Жозефина остановилась перед витриной, взглянула на свое отражение. Воротник рубашки загнулся. Она поправила его. Почесала нос и мысленно подбодрила себя: «Ну давай, Жози, давай!»
Она пошла на новый круг. Зачем я подгоняю судьбу? Может, нужно положиться на случай? Папа, скажи, получится у меня или не получится? Дай знак. Сейчас самое время тебе проявиться. Спускайся со своих звезд сюда, мне на помощь.

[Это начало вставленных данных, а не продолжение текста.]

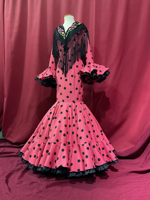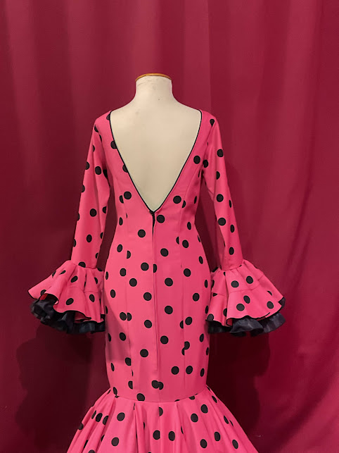 Vestido cortado al talle , canastero de capa con mucho vuelo en la falda y volumen , efecto clavel. Manga las con volante al puño con los mismos cortes. Escote delantero y trasero de pico.

Она остановилась перед парфюмерным магазином. Купить духи, что ли? «Eau de Merveille» от «Гермес». Этот запах опьянял ее. Она прыскала им шею, запястья и лампочки в доме перед сном. Посмотрела на двери часы работы: откроется только в десять.
Марш-бросок продолжался.
И тогда она услышала у себя в голове голос, говоривший ей: «Дай мне самому заняться этим, девочка, я все устрою». Она вздрогнула. Сходит с ума, это точно. «Иди вперед, ни на что не обращай внимания!» Она сделала шаг, потом еще один, огляделась. Рядом никого не было. «Давай-давай. Скачи по кругу, точно ослик, я все улажу, поверь. Жизнь — это балет. Нужен только хореограф. Как в “Мещанине во дворянстве”». — «Ты любил эту пьесу, пап?» — «Обожал! Веселая критика буржуазии, которая из кожи вон лезет, чтобы сойти за благородных! Я всегда вспоминал твою мать. Смешно, точь-в-точь ее конформизм и мелочность». — «Я этого не знала!» — «Я не все тебе говорил, есть вещи, которых детям не говорят. Не знаю, зачем я женился на твоей матери. Всю жизнь задавался этим вопросом. Видно, затмение на меня нашло. Она тоже, думаю, не понимала. Союз карпа и кролика. Должно быть, надеялась, что я разбогатею. Ее интересовало только это. Вперед, говорю тебе! Пошевеливайся!..» — «А может, не надо? Мне страшно…» — «Наберись-ка храбрости, девочка моя! Этот человек создан для тебя». — «Ты уверен?» — «Он тоже выбрал себе не лучшую жену! Ему надо было жениться на тебе!» — «Пап! Это уж ты напрасно!» — «Вовсе нет! Купи газету, чтоб выглядеть посолиднее…» Она остановилась у киоска возле станции метро, купила газету. «Распрямись, не сутулься!» Она выпрямила спину, сунула газету под мышку. «Сюда, сюда, не спеши. Замедли шаг. Приготовься, он здесь». — «Я боюсь!» — «Не надо… Все пройдет хорошо, но когда выйдешь, ангел мой, сама не своя от радости, смотри в оба, во тьме подстерегает оранжевый враг…» — «Это что? Цитата?» — «Нет. Предупреждение! На все случаи жизни».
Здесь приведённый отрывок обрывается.